Он знал, что великан мертв, еще до того, как тот повалился вперед и с мягким звуком ударился лбом о каменный пол.
Симон закрыл глаза.
– Симон, куда…
– В грудь, – сказал Симон и закашлялся, по консистенции мокроты поняв, что харкает кровью.
– Я вызову «скорую».
Симон открыл глаза и осмотрел себя. По груди расплывалось темно-красное пятно.
– Не успеем, бог с нею.
– Успеем, если только они…
Сонни вынул мобильный телефон, но Симон отвел его в сторону.
– Послушай… Я знаю слишком много об огнестрельных ранениях, ясно?
Сонни положил руку на грудь Симону.
– Так дело не пойдет, – сказал Симон. – Тебе надо бежать. Ты свободен, ты сделал то, что должен был.
– Нет, не сделал.
– Беги ради меня, – произнес Симон, сжимая руку мальчишки. Она была теплой и родной, как будто он сжимал собственную руку. – Ты закончил свою работу.
– Лежи тихо.
– Я сказал, что крот будет сегодня здесь, и он был. А теперь он мертв.

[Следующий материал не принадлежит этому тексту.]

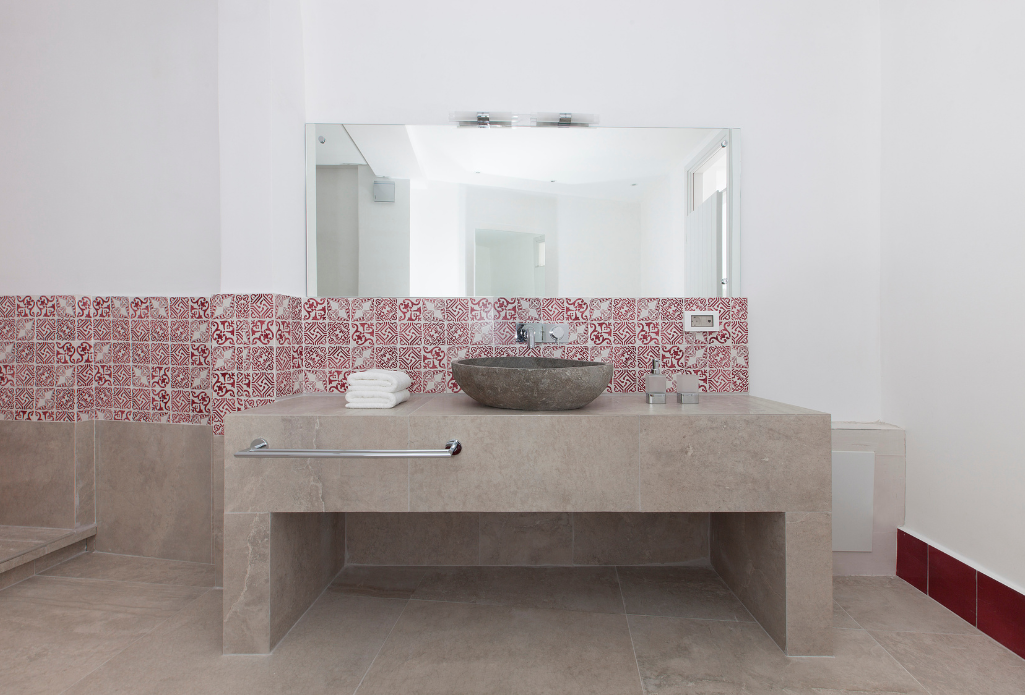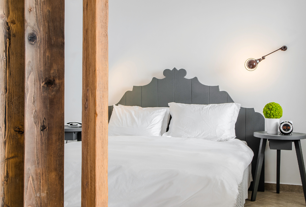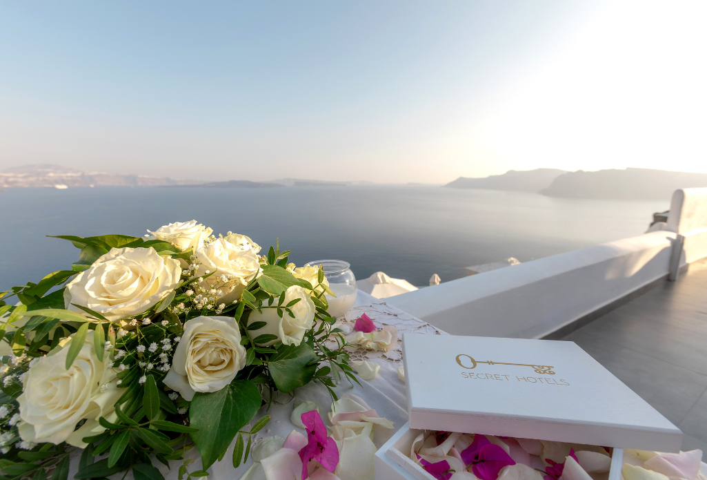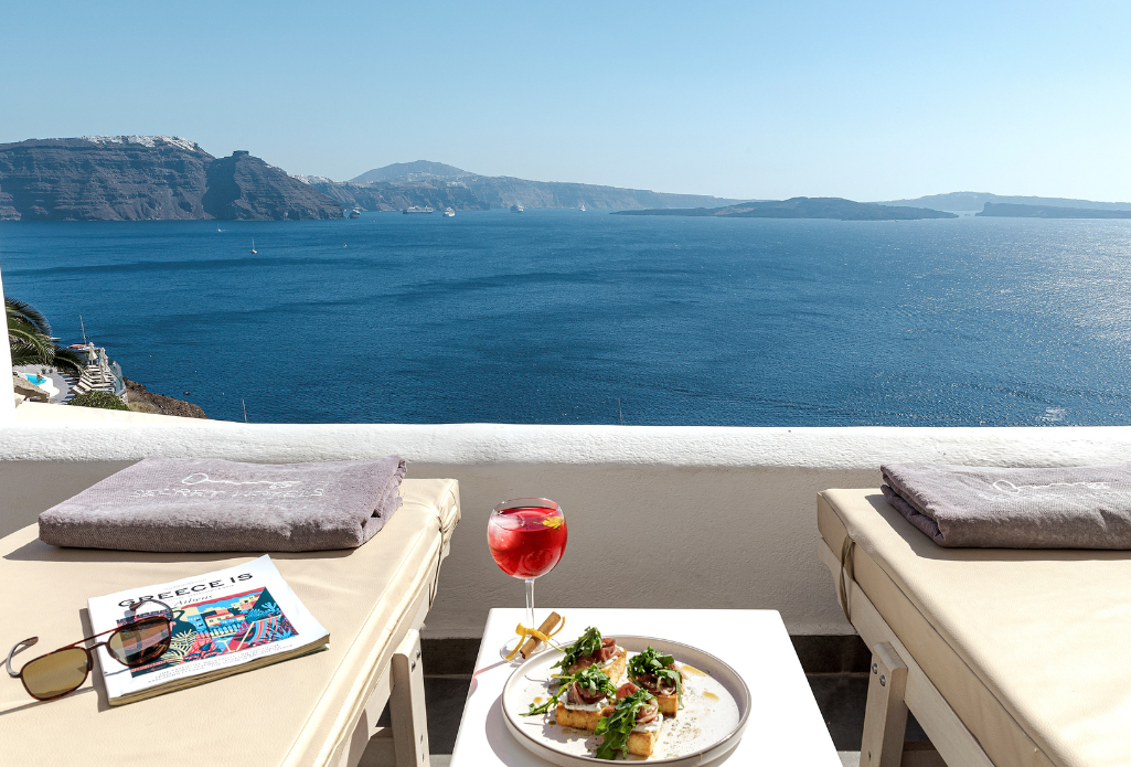 Private balcony of 45 m2 featuring a Private Outdoor hot tub, dining area and sun beds.
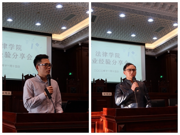 陈子豪向大家分享了求职经验。学长从查获求职信息到制作投放简历、准备面试的整个求职流程进行了全面的讲述,鼓励大家尽早地在不同的平台、行业进行实习,找到适合自己的职位。工作时做好自己手头的业务,虽然律师的工作很难,但只要坚持下去就一定会有很好的前景。袁小冬主要介绍了有关公务员考试的备考经验。他首先简要概括了上考与国考的不同点,向同学们传授笔试与面试时的经验。同时建议大家在笔试时发挥自己的优势,先做好自己擅长的题目,拿到应得的分数;面试时要注意礼仪、着装规范,回答问题时要有自信、反应迅速、精准答题、语言流畅,对考官追加的问题不要慌张,要如实回答。

Беги.
– Скоро приедут медики.
– Ты что, не слышишь…
– Если ты не будешь разговаривать…
– Это я, Сонни. – Симон заглянул в ясные мягкие глаза мальчишки. – Это я был кротом.
Он ожидал, что от потрясения зрачки мальчишки расширятся и чернота поглотит сияющую зеленую роговицу. Но этого не произошло. И он понял.
– Ты знал это, Сонни. – Симон попытался сглотнуть, но снова раскашлялся. – Ты знал, что это я. Откуда?
Сонни стер кровь с губ Симона рукавом рубашки:
– Арильд Франк.
– Франк?
– После того как я отрезал у него палец, он разговорился.
– Разговорился? Он не знал, кто я. Никто не знал, что мы с Абом были кротами, Сонни. Никто.
– Нет, но Франк рассказал все, что знал. Что у крота было кодовое имя.
– Значит, вот что он рассказал?
– Да. Кодовое имя Прыгун.
– Прыгун, да. Этим именем я пользовался, когда связывался с Близнецом. Так меня когда-то звал один человек, понимаешь ли. Только один. Так как же ты…
Сонни вынул что-то из кармана пиджака и поднес к глазам Симона. Фотография. На покрытой каплями крови карточке были изображены стоящие перед пирамидой из камней двое мужчин и женщина, все трое молодые и радостные.
– Когда я был маленьким, я часто разглядывал наш фотоальбом, и тогда я увидел этот снимок. И я спросил у мамы, кем он был, тот загадочный фотограф с интересным именем Прыгун. И она мне рассказала, что это Симон, третий друг. Что она звала его Прыгуном, потому что он бросался туда, куда никто другой не решался.
– И ты сложил два и два…
– Франк не знал, что кротов было двое. Но то, что он рассказал, расставило все по своим местам. Мой отец раскрыл тебя. И ты убил его, пока он тебя не сдал.